I received this question recently from a reader. Here is how I replied. I also made this video if you’d prefer to hear my thoughts that way. This post and the video are not exactly the same.
First of all, I'm only slightly “on the spectrum,” if that’s even a thing in this context. I don’t pretend to know anything about clinical psychology. For instance, I’m not even sure if ADHD is maybe one of those made-up conditions that just medicalizes common difficulties, and then everyone seeks a diagnosis for it. I’m sure Scott Alexander has a post on it somewhere, but I haven’t looked because I’m too lazy and would not want to lose an opportunity to opine (how’s that for an epistemic status?). So if ADHD is just another one of these dubious fabrications of the DSM, then what follows will just be my answer to the question “Can you do a PhD if you are easily distracted and/or struggle to do what you’re told and/or procrastinate badly?” I have struggled with enough ADHD symptoms to know at least a thing or two about them — i.e., I follow the ADHD subreddit and frequently recognize myself in it — but I must admit they’ve never been a major debilitating problem for me… So if you have it bad, then I would not expect my input to help you necessarily. It should be obvious none of this is clinical advice. These are just some personal reflections based on my experience.
I think I've learned to hack my rhythms pretty well.

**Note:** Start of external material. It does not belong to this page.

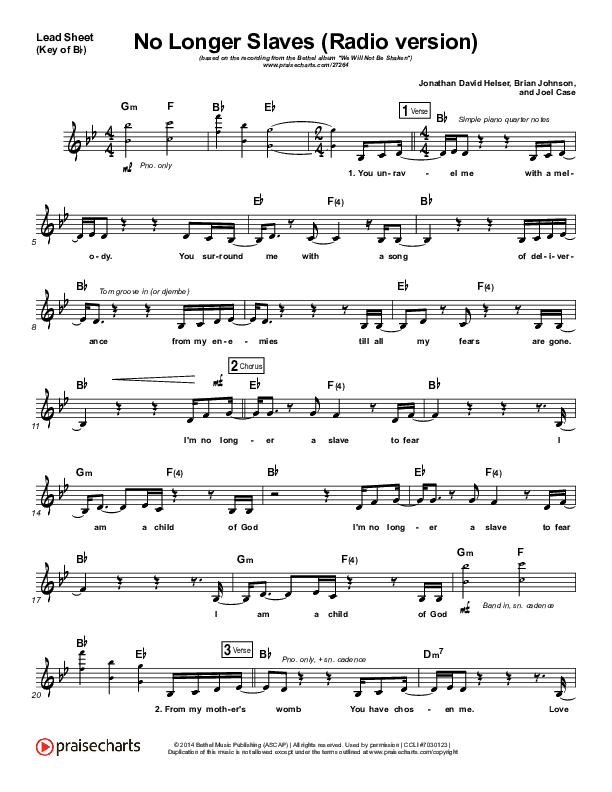 No Longer Slaves (Radio) Sheet Music PDF (Bethel Music / Jonathan David Helser)

Within a big hard goal (getting a PhD), if you find things that make you enthusiastic, you can trick yourself into being really productive by not doing the things you're supposed to, but doing what makes you enthusiastic instead. I have no idea if this makes sense clinically, but that's the best way I can summarize my method. So in grad school I was constantly slacking on my assignments and required readings, and instead I allowed myself to read and work on whatever I felt like — and the reason this worked (none of my profs would remember me as ever slacking on assignments or readings) was that, since I felt like I was fucking off on my responsibilities, it felt fun. Therefore, I could do like probably 5x more and/or better than what the other students could do by just obeying orders. The trick is cultivating interests and enthusiasms that are just proximate enough to what you’re supposed to be doing, that something within the 5x output of your boondoggles can be wrangled into an impressive completion of the assignment or comment on the assigned readings. (I went to a good but mid-tier public research university; at elite schools this hyperactivity quotient will not be as impressive, relatively, because the median student works way harder than at middle-tier universities; so my strategy might be uniquely effective at mid-tier schools, where there is a big gap between median student performance and what the Ivy-trained profs would like to see). If you can do this strategy, you also have a good chance of cultivating a particularly original trajectory, for obvious reasons. You also benefit from the informal social powers that come from being genuinely interested in your work; you seem more authentically engaged, you’ll speak more energetically, and seem more intense and sophisticated than the other students just obeying orders. Of course, it’s risky, because if you go too far out into orbit, you might just become a crank who all the profs and students roll their eyes at. Which one of these two types was I? Which one am I? The jury is still out on that one, but I was one of the only students in my cohort to get a permanent research-based academic appointment. So I did something right.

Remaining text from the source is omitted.